Winter wheat isn't just limited to the Great Plains and eastern and central Corn Belt states. It's gaining appeal in traditional spring wheat-growing regions like the Dakotas and Minnesota.

“It can spread out workload for the farmer and provide cover over the winter,” says Mark Wrucke, regional manager of development and market support at Bayer CropScience.There's a pocketbook perk. “Winter wheat in the Dakotas traditionally yields 10 to 15 bushels per acre more than spring wheat,” he says. It also fits a niche for planting prevented planted acres that have plagued upper Midwest farmers.

The downside? Fusarium head blight (scab) can plague winter wheat more than in spring wheat.

“Protein levels aren't as high,” says Wrucke. That can dash hopes of garnering protein premiums that add up to $1 per bushel in additional price.

Bayer is partnering with Ducks Unlimited, industry, and several land-grant universities in an upper Midwest winter wheat research and education initiative. Here are six recommendations garnered so far to successfully grow winter wheat.

● Select variety. Matching the top variety in the right field is key. Most varieties are still public, but there are more private varieties coming in the market, says Wrucke.

● Manage disease. Unless it's a totally dry year, a winter wheat fungicide program is essential, says Wrucke. “That includes a seed treatment program in the fall and then a good scab fungicide.”

● Kill the green bridge with a burndown herbicide. “Make sure there is no green material in the field for two weeks prior to planting and emergence,” says Wrucke. “Green materials harbor disease and insects, and transfer to the new crop. Barley yellow dwarf can be transferred by aphids. So make sure you get good burndown in those fields.”
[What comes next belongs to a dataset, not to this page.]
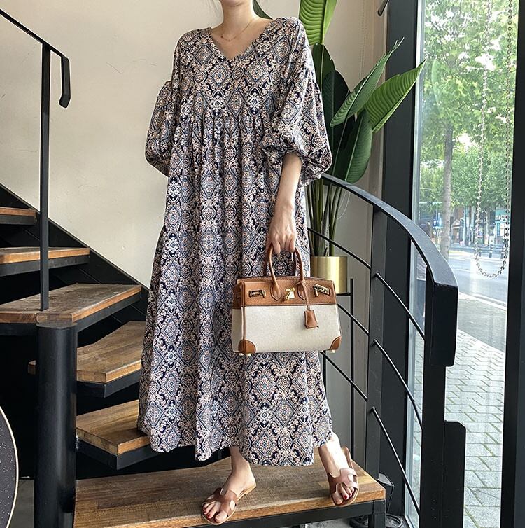 ◎【送料無料】デイリーに使える 中国の風 ランタンスリーブ エスニックスタイル ロングセクション ワンビース 気質
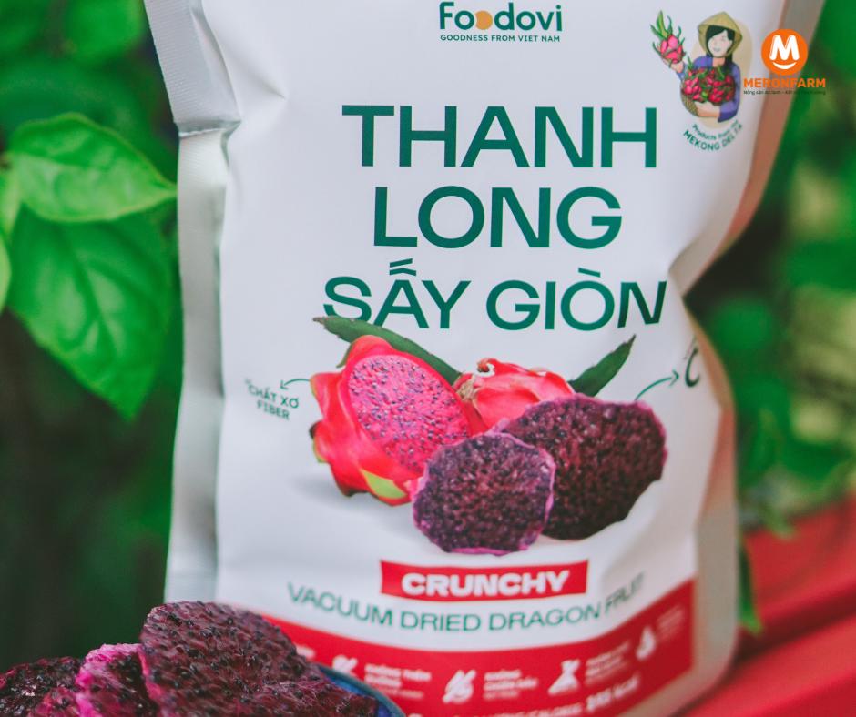 • Nguyên liệu sản xuất & Vùng nguyên liệu: Foodovi tự hào sử dụng Thanh Long Chợ Gạo, những trái thanh long đã đạt chứng nhận VietGAP này là sản vật nổi tiếng, đậm đà hương vị miền Tây, đặc trưng của Đồng bằng Sông Cửu Long để sản xuất snack trái cây sấy giòn hoàn toàn tự nhiên.

● Minimize winterkill. Planting into stubble can help prevent winterkill. “If you don't have stubble, you've worked to dry those fields out, and it's black, then you need to seed something like flax rows every 50 feet or so to catch snow,” says Wrucke. “The more snow you keep on the winter wheat crop through the winter, the better the survival rate.”

Winterkill occurs when winter wheat is exposed to subfreezing temperatures. “The biggest concern for winterkill is when it's exposed to freezing and thawing. It helps to have snow on top of it,” Wrucke says.

● Fertilize. A multipronged fertility strategy works well. One strategy is a planting-time fertilizer application followed by one in early spring, says Wrucke.

● Seed sufficiently. Seeding rates typically hover around 1 million to 1.2 million seeds per acre. Winter wheat fares best when it's seeded in the upper Midwest around mid-September, says Wrucke.